例如,您可以每隔 100 毫秒开始阅读下一篇文章。您甚至可以立即启动它们,但风险是您可能会向同一服务器发出太多请求,从而达到某些服务器限制。因此,在文章处理启动之间稍微延迟可能更为谨慎。要获得这样的中间延迟,您可以使用这个通用函数:
const delay = ms => new Promise(resolve => setTimeout(resolve, ms));
实现整体想法的最简单方法是将文章处理的代码放在单独的函数中:
const processArticle = async (article) = {
console.log('Processing article with name: ', article.title)
const { title, sourceUrl, id, publishedAt } = article
//scraping content from the source url and returning the markup of the single article
const markup = await scraper(sourceUrl)
//using gpt to perform some tasks on the markup returned from scrapping
const data = await askGpt(markup)
//using dall e to generate an image
const generatedImageUrl = await generateImg(data?.imageDescription)
//downloading the image from the url and uploading it to s3
const s3ImageUrl = await generateImgUrl(generatedImageUrl, title, id)

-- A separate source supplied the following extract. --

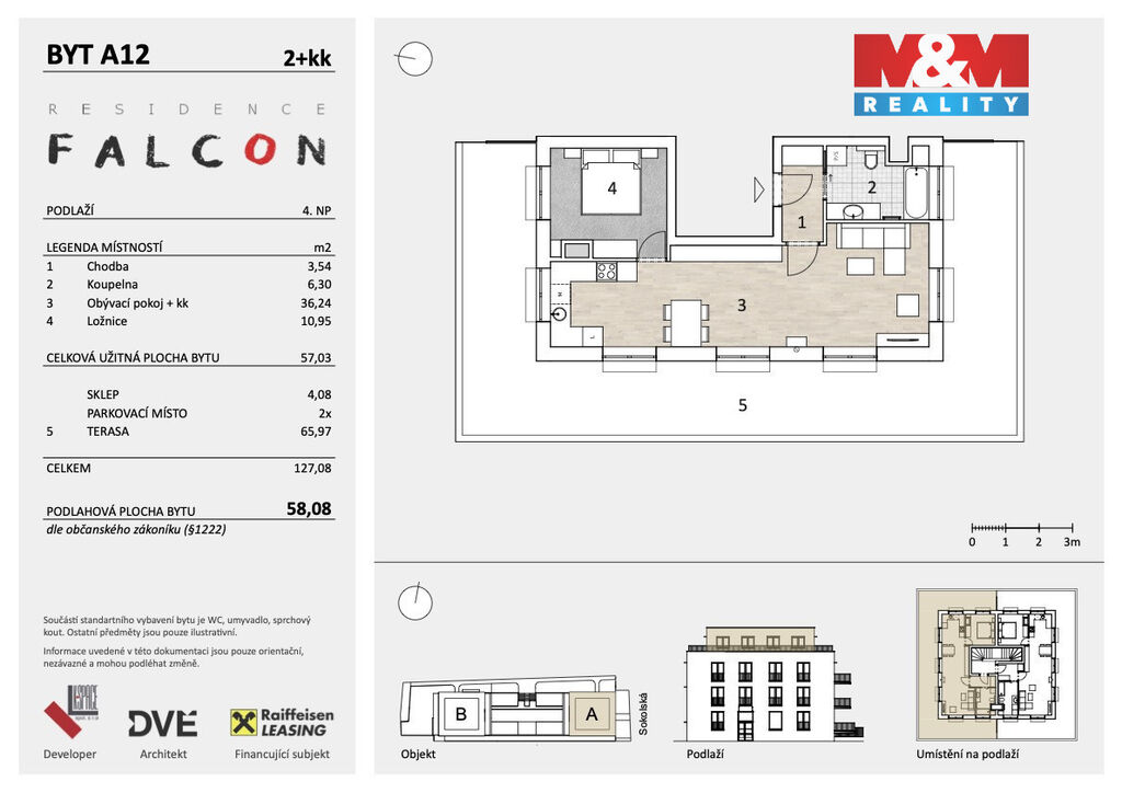 Byt se nachází ve 4. podlaží a nabízí dispozici 2kk o výměře 58,08 m². K jednotce náleží nástřešní terasa o rozloze 65,97m², sklep 4,08m² a dvě parkovací stání. Klienti mají na výběr ze dvou vysokých standardů vybavení – Friendly a Gorgeous, zahrnujících velkoformátová okna, izolační trojskla a kvalitní materiály.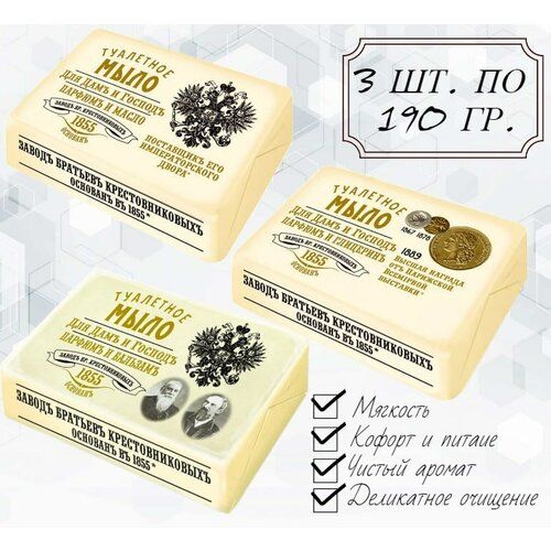 НАЙТИ ВЫГОДНЕЕ - Набор туалетного мыло Для Дамъ и Господъ 3 шт. по 190 гр: Парфюм и Глицерин/Масло/Бальзам

//uploading the article to strapi using post request
const newTitle = data?.title
const newMarkup = data?.content
const description = data?.abstract
const categories = data?.categories
console.log('pushing article to strapi')
await createPost(
newTitle,
description,
newMarkup,
s3ImageUrl,
publishedAt,
categories
)
console.log('article processing completed...')
};
此处没有更改代码;它刚刚被转移到一个函数中。
现在您的主函数可以执行上述函数而无需等待。相反,它可以捕获它返回的承诺(将处于待处理状态),并将此类承诺收集在数组中。这意味着现在将对不同的文章提出多个请求,而无需等待他们的回复。最后,您可能希望等待所有这些承诺都已解决。
这是你原来的函数的样子:
const fetchAndProcessNews = async (queryString, from) => {
const query = {
queryString,
from,
size: 1,
}
try {
console.log('Fetching news...')
const { articles } = await searchApi.getNews(query)
console.log('total articles fetched:', articles.length)
console.log('Fetched news:', articles)
if (articles && articles.length > 0) {
console.log('Processing news...')
// looping through all the articles fetched from api
const promises = [];
for (const article of articles) {
promises.push(processArticle(article)); // We don't await!
await delay(100); // Determine which delay is suitable
}
// All articles are now being processed; wait for all to finish (optional)
await promise.allSettled(promises);
} else {
console.log('No articles found')
}
} catch (error) {
console.error('Error fetching news:', error.message)
}
}
await Promise.allSettled
操作是可选的,但它对于 fetchAndProcessNews
的调用者很有用,因为只有在所有操作完成后,他们得到的承诺才会得到解决。